WHAT IS EXPECTED: When you come to a picture, pass over it, and set down the entries below exactly.

*** Begin section ***

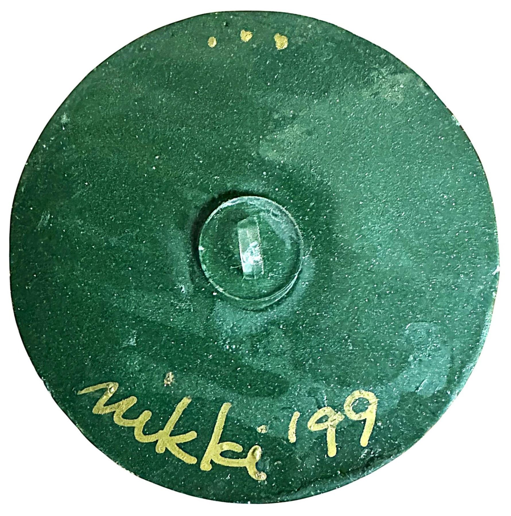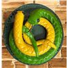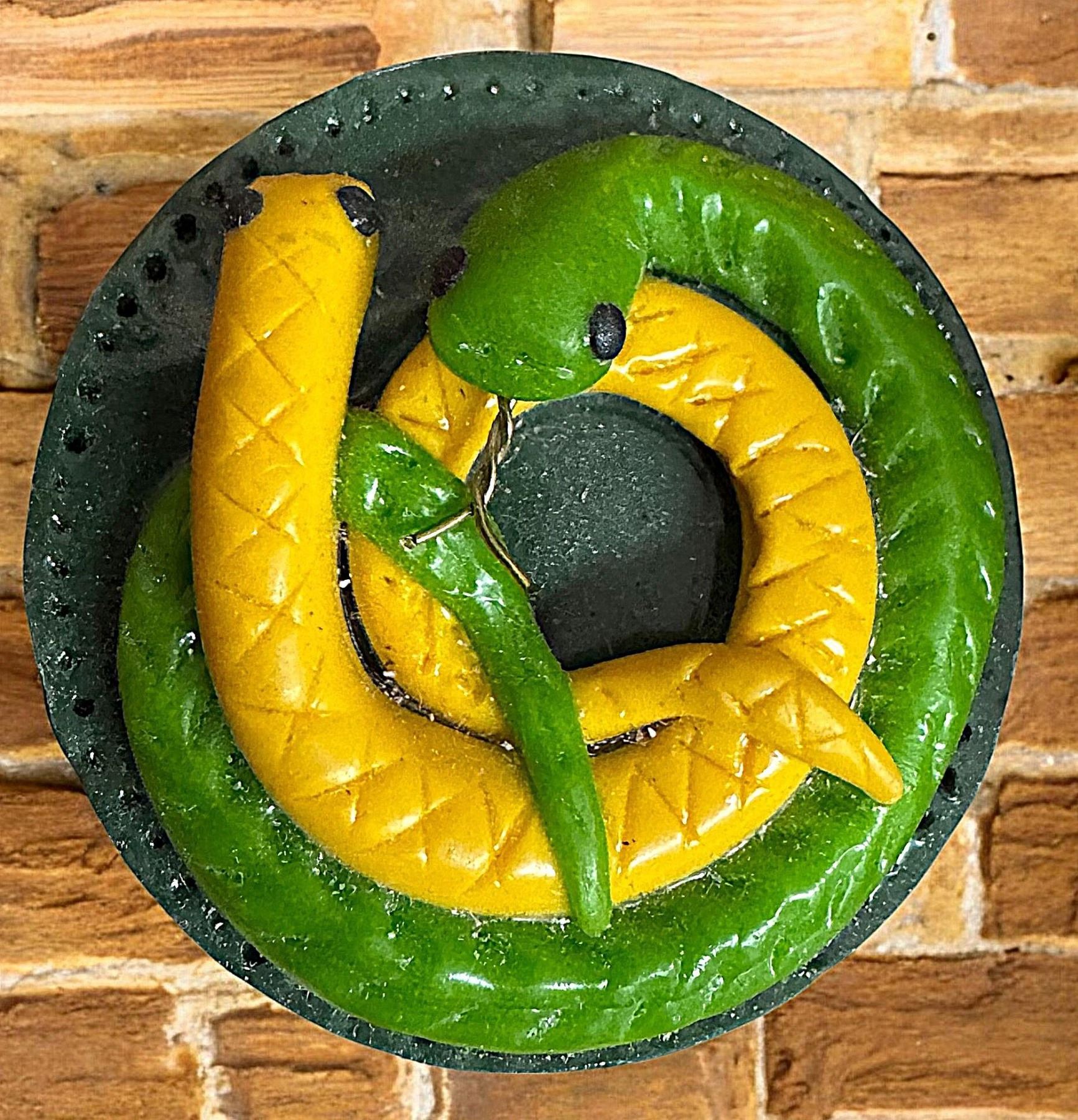 A large 20th century example by artist Nikki Deal. This is one of Nikki's prized studio example because it came from her personal collection, not one she sold. This one is made of polymer clay Nikki tells us and depicts 2 detailed coiled snakes wrapped around each other in yellow and green colors..
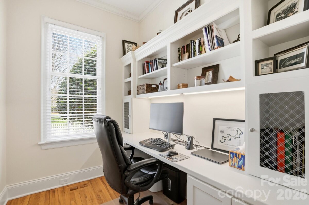 Tucked along charming Yale Loop in Sconset Village, a gated community, within The Point at Lake Norman, this beautifully designed home captures the essence of elevated Lake Norman living—where timeless architecture, thoughtful design, and an exceptional community come together. A welcoming white picket entrance full of gorgeous perennials and an elegant two-story foyer set the tone the moment you arrive, offering a glimpse of the warmth and sophistication carried throughout the home. Rich hardwood floors lead into an inviting great room anchored by custom built-ins, wood beam ceiling and a cozy fireplace—an ideal setting for relaxed evenings or gathering with friends after a day on the lake or golf course. A butlers pantry with wine refrigerator is conveniently located off the great room and also connects to the spacious office located at the front of the home and off of the foyer. At the center of the home, the open kitchen and gathering spaces were designed for both everyday comfort and effortless entertaining. A spacious island and refreshed cabinetry create a seamless flow between kitchen, dining, and living areas. Just nearby off the back of the kitchen is a private office (2nd office) that offers a quiet, refined workspace for those working from home. The main-level primary suite serves as a serene retreat, featuring a spa-inspired bath with beadboard ceiling, indulgent soaking tub, oversized walk-in shower, and an impressive, large custom closet designed to keep everything beautifully organized. Upstairs, bedrooms two and three share a well-appointed Jack-and-Jill bath, while TWO additional flexible spaces open the door to endless possibilities—whether a media room, playroom, guest retreat, or private fitness studio with an already mirrored wall. Outdoor living is another way this home truly shines. A spacious screened porch with infrared heating allows you to enjoy the outdoors well beyond the warmer months, while the expansive paver patio invites evenings by the gas fireplace or relaxing in the hot tub under the Carolina sky. The deck is constructed with premium long-life Ipe Brazilian Hardwood decking, and an outdoor grill is conveniently plumbed to natural gas for effortless entertaining. During cooler months, the backyard offers seasonal views of Lake Norman with no homes interrupting the sightline, adding a subtle but beautiful connection to the water. Located within Sconset Village, one of the most charming pockets of The Point, Yale Loop offers a quiet, storybook setting where neighbors gather, evening walks are common, and life moves at a relaxed, welcoming pace. As a resident of The Point, you are moments from the world-class amenities of Trump National Golf Club Charlotte, including championship golf, lakefront dining, tennis, spa services, resort pools, and vibrant social events that define the Lake Norman lifestyle. With major system upgrades already completed—including a 50-year roof ($100k+ in 2023), updated HVAC systems (2022–2023), tankless water heater, new gutters with guards, smart thermostats, and additional attic storage flooring—this home offers both peace of mind and effortless living. This is more than a home. It’s a lifestyle rooted in community, comfort, and the best of Lake Norman living.
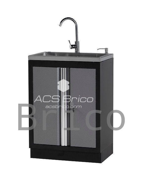 - Armario base con fregadero, 2 puertas con cerradura y 2 baldas interiores, sólido y muy válido para ambientes de taller con herramientas pesadas.
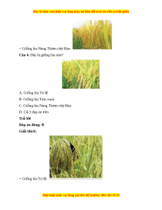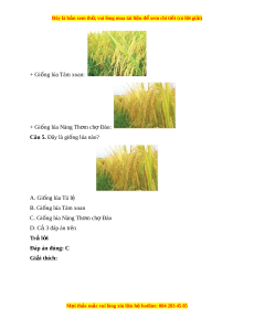 Đây là bản xem th , vu ử i lòng mua tài li u ệ đ xe ể m chi ti t (c ế ó l i ờ gi i ả ) A. Giống lúa Tú lệ B. Giống lúa Tám xoan C. Giống lúa Nàng Th m ơ ch Đ ợ ào D. C 3 đáp án ả trên Trả l i ờ Đáp án đúng: A Giải thích: + Giống lúa Tú l : ệ + Giống lúa Tám xoan: M i
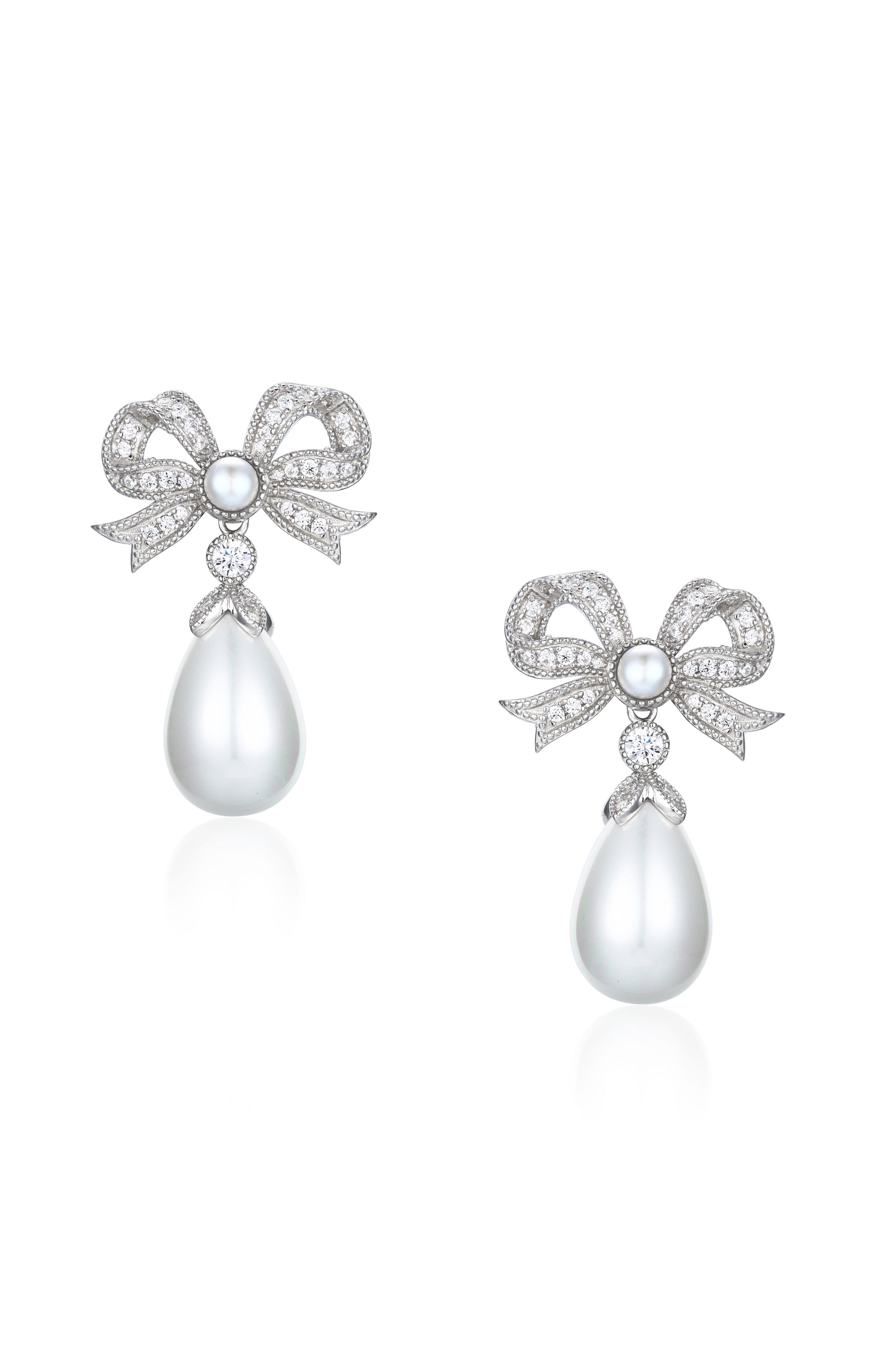 🎁 'Queen' Bow and Pearl Drop Silver Earrings (100% off)
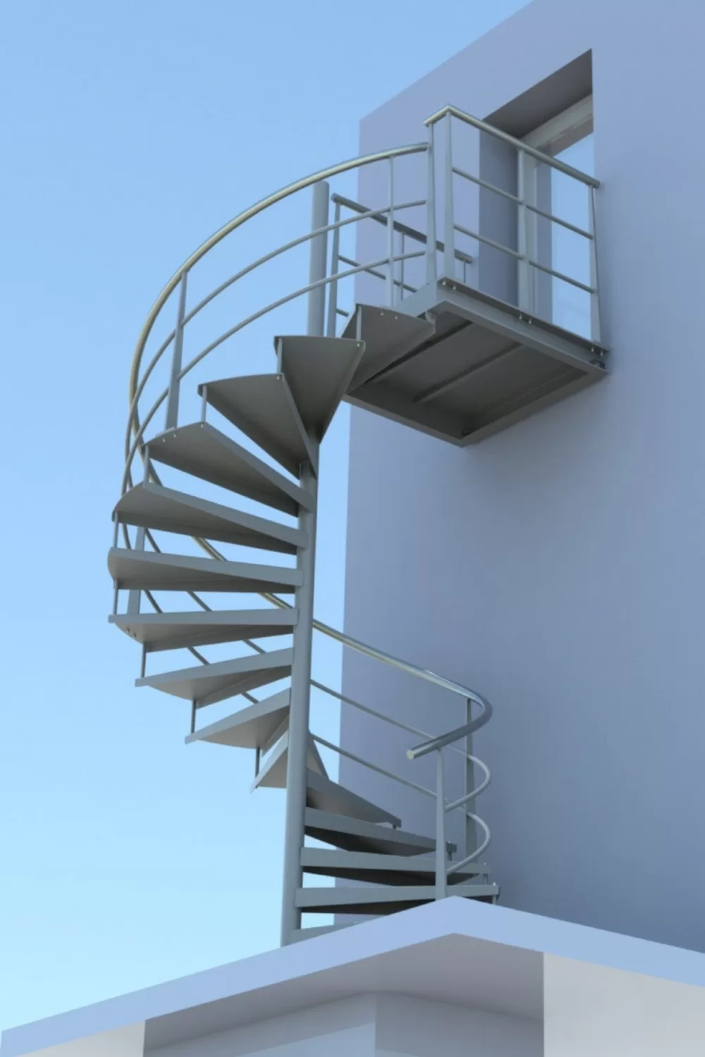 These external spiral staircases were made from galvanised mild steel and powder coated in anthracite grey.

*** End section ***

TASK RESPONSE:
 A large 20th century example by artist Nikki Deal. This is one of Nikki's prized studio example because it came from her personal collection, not one she sold. This one is made of polymer clay Nikki tells us and depicts 2 detailed coiled snakes wrapped around each other in yellow and green colors..
 Tucked along charming Yale Loop in Sconset Village, a gated community, within The Point at Lake Norman, this beautifully designed home captures the essence of elevated Lake Norman living—where timeless architecture, thoughtful design, and an exceptional community come together. A welcoming white picket entrance full of gorgeous perennials and an elegant two-story foyer set the tone the moment you arrive, offering a glimpse of the warmth and sophistication carried throughout the home. Rich hardwood floors lead into an inviting great room anchored by custom built-ins, wood beam ceiling and a cozy fireplace—an ideal setting for relaxed evenings or gathering with friends after a day on the lake or golf course. A butlers pantry with wine refrigerator is conveniently located off the great room and also connects to the spacious office located at the front of the home and off of the foyer. At the center of the home, the open kitchen and gathering spaces were designed for both everyday comfort and effortless entertaining. A spacious island and refreshed cabinetry create a seamless flow between kitchen, dining, and living areas. Just nearby off the back of the kitchen is a private office (2nd office) that offers a quiet, refined workspace for those working from home. The main-level primary suite serves as a serene retreat, featuring a spa-inspired bath with beadboard ceiling, indulgent soaking tub, oversized walk-in shower, and an impressive, large custom closet designed to keep everything beautifully organized. Upstairs, bedrooms two and three share a well-appointed Jack-and-Jill bath, while TWO additional flexible spaces open the door to endless possibilities—whether a media room, playroom, guest retreat, or private fitness studio with an already mirrored wall. Outdoor living is another way this home truly shines. A spacious screened porch with infrared heating allows you to enjoy the outdoors well beyond the warmer months, while the expansive paver patio invites evenings by the gas fireplace or relaxing in the hot tub under the Carolina sky. The deck is constructed with premium long-life Ipe Brazilian Hardwood decking, and an outdoor grill is conveniently plumbed to natural gas for effortless entertaining. During cooler months, the backyard offers seasonal views of Lake Norman with no homes interrupting the sightline, adding a subtle but beautiful connection to the water. Located within Sconset Village, one of the most charming pockets of The Point, Yale Loop offers a quiet, storybook setting where neighbors gather, evening walks are common, and life moves at a relaxed, welcoming pace. As a resident of The Point, you are moments from the world-class amenities of Trump National Golf Club Charlotte, including championship golf, lakefront dining, tennis, spa services, resort pools, and vibrant social events that define the Lake Norman lifestyle. With major system upgrades already completed—including a 50-year roof ($100k+ in 2023), updated HVAC systems (2022–2023), tankless water heater, new gutters with guards, smart thermostats, and additional attic storage flooring—this home offers both peace of mind and effortless living. This is more than a home. It’s a lifestyle rooted in community, comfort, and the best of Lake Norman living.
 - Armario base con fregadero, 2 puertas con cerradura y 2 baldas interiores, sólido y muy válido para ambientes de taller con herramientas pesadas.
 Đây là bản xem th , vu ử i lòng mua tài li u ệ đ xe ể m chi ti t (c ế ó l i ờ gi i ả ) A. Giống lúa Tú lệ B. Giống lúa Tám xoan C. Giống lúa Nàng Th m ơ ch Đ ợ ào D. C 3 đáp án ả trên Trả l i ờ Đáp án đúng: A Giải thích: + Giống lúa Tú l : ệ + Giống lúa Tám xoan: M i
 🎁 'Queen' Bow and Pearl Drop Silver Earrings (100% off)
 These external spiral staircases were made from galvanised mild steel and powder coated in anthracite grey.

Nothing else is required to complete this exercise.